Write the data below out exactly as it stands. Do not include the pictures.

■ THE DATA:
┏━━

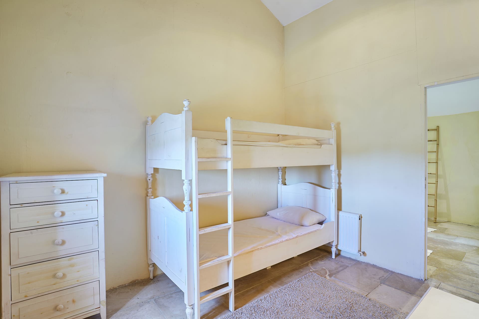 Step into a realm of refined interiors where every detail speaks of luxury. The villa features five spacious bedrooms, four of which come with en-suite bathrooms ensuring privacy and comfort. The living spaces are adorned with elegant furnishings, seamlessly blending modern amenities with classic Provençal charm. A fully equipped kitchen awaits culinary enthusiasts, while the grand dining area provides the perfect setting for memorable meals. The children’s room, designed with a fun bunk bed setup, is ideal for younger guests, making this property truly family-friendly.
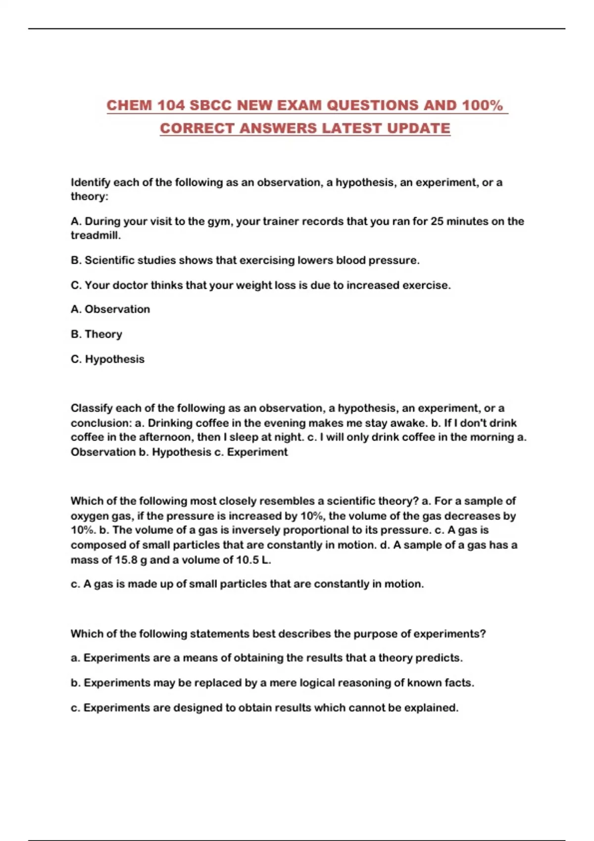CHEM 104 SBCC NEW EXAM QUESTIONS AND 100%
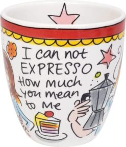 Blond Amsterdam, Even Bijkletsen Mini Mok Rode Rand Zonder Oor, 0,2L

┗━━

■ WRITTEN RESPONSE:
 Step into a realm of refined interiors where every detail speaks of luxury. The villa features five spacious bedrooms, four of which come with en-suite bathrooms ensuring privacy and comfort. The living spaces are adorned with elegant furnishings, seamlessly blending modern amenities with classic Provençal charm. A fully equipped kitchen awaits culinary enthusiasts, while the grand dining area provides the perfect setting for memorable meals. The children’s room, designed with a fun bunk bed setup, is ideal for younger guests, making this property truly family-friendly.
CHEM 104 SBCC NEW EXAM QUESTIONS AND 100%
 Blond Amsterdam, Even Bijkletsen Mini Mok Rode Rand Zonder Oor, 0,2L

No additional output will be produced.